With so many limited-edition products and hyped releases, the team knew they needed to tackle bot attacks head-on. They wanted to ensure regular attendees would get access to products before exploiters could clean out limited inventories. The team created a CMS flow to orchestrate the product data that needed to be displayed on the front-end without exposing the product ID. After a product drop happened, attendees needed to opt in for their intent to purchase then were added to a queue. That way, the team could select who in the queue would receive the private product ID, shared using a WebSocket. 

The payoff

The result of the thoughtful approach to creating the headless build: Jam3, Riess Group, and Complex Networks successfully pulled off a boundary-pushing, future-forward virtual convention. Throughout the five days, 174 different countries experienced ComplexLand with 1.3 million total brand and commerce-related engagements. Some brands completely sold out of their inventory. Overall the event was a hit, receiving positive press and attendee feedback.
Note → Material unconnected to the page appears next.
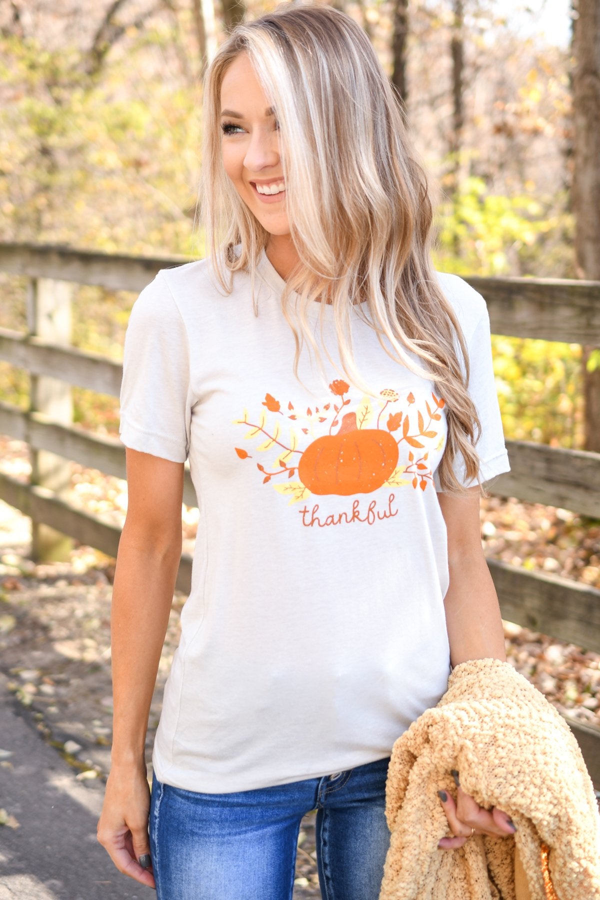 Festive "Thankful" Pumpkin Graphic Tee- Light Taupe

Leveraging Shopify's platform helped the team cost-effectively and efficiently plug commerce into this digital landscape. "Shopify helped us make sure our strategy was going to work both from a velocity standpoint and for checkout, inventory issues, bots, and queuing," says Mike. "We had really expert advice from Shopify to make sure the event was a success. It was a great collaboration."

Making the decision to use a headless architecture directly contributed to the event's scalability and performance. The team was able to quickly spin up a serverless infrastructure, leveraging multiple APIs to manage a large amount of information and traffic—without compromising the attendee experience. 

The gamification of the experience paid off too. Attendees were engaged, exploring the 3D map to discover and compete for exclusive product drops, while brands were promoted in a uniquely digital way. William from Jam3 agrees: "I think one of the highlights from ComplexLand is that a great shopping experience is at the same time entertaining and engaging. It connects users to a community with similar interests. The event gamified community-centric shopping experiences and showed us what those could look like."

The prophecy

Born out of necessity but met with resounding applause, innovative and experiential solutions like ComplexLand are here to stay. In fact, the future of the event could benefit from what happened in 2020. "Now it's more like, how do we bring it full circle and have both IRL and URL living simultaneously and seamlessly," says William. "So next time, we might have ComplexCon on top of ComplexLand. Having a more unified front to orchestrate the experience both virtually and physically is something that I'm definitely trying to do."

For Andrés, the future is unlocked by the power of new tools, "Using headless, I can build anything. I'm not limited by the classic digital store or application restrictions. I feel like now the control is back to me. And buyers don't even need a screen anymore. You can buy with just your voice." 

Having a headless ecommerce platform allows brands to build for shoppers who expect a legacy storefront and for those who are excited to log in to a video game and buy products.

According to Mike, with a platform enabled for headless, both types of users can shop how they want and those experiences don't have to be two separate, cumbersome systems. He adds:

Being able to make commerce happen without the user having to go through the clunky steps that they've been doing for the last 30 years, that's the future of commerce. For us that means figuring out what steps we can remove. I think whatever is removing barriers, removing friction, and allowing customers to just shop is huge."